This weekend we took a trip with my family to the National Botanic Gardens, Wales, and I came away with another birthday gift from my Mum and Dad.
This stunning cornus alba hedgerow (please forgive its rather incongruous surroundings) has variegated cream and green leaves that blush a deep red at this time of year, on handsome dark red stems. Cutting it back hard in March should encourage strong growth of these lovely stems for a striking display next winter.
It’s currently taking shelter on a breeze block amid the debris at the side of the house until we find it a permanent place in the emerging garden. As for the botanic gardens, I took hundreds of photos, which I shall try to edit down for a post (or two!) later in the week.
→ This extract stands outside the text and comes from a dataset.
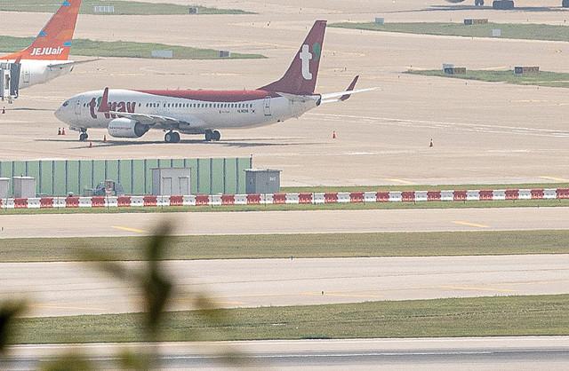 코로나19 사태로 막혔던 인천∼우한(武漢) 하늘길이 8개월 만에 다시 열린다. 15일 국토교통부에 따르면 국토부는 전날 티웨이항공의 인천∼우한 노선에 대한 운항 허가 결정을 내렸다. 사진은 이날 인천국제공항 계류장에 서 있는 티웨이항공 여객기 모습.

King of the Hill further enjoyed the sunshine this weekend to take a saw to our birch tree which stands along the south border of our garden next to the shed and was rather dominating the plot. Late autumn to midwinter is the ideal time to prune birches, which have a tendency to bleed heavily if pruned when the sap is rising. Some hard pruning has opened the tree up and brought it back to a more manageable size and graceful shape, cutting it back to one central leader, with its two gnarled side-trunks cut back – and not a drop of sap. We shall take these right back to the main trunk next weekend to encourage a more slender graceful form. Thick ropes of ivy branches still twist around the trunk of the tree, which we also need to clear to reveal its papery bark in all its glory. Another task for next weekend.
Last year, my parents bought us a sapling of another birch, betula utilis var. jacquemontii Trinity College, which we intend to plant a little closer to the house along the same border. Its gleaming white stem as it matures should form a wonderful backdrop to the winter fire of the cornus stems. I love the light foliage of these trees in summer too.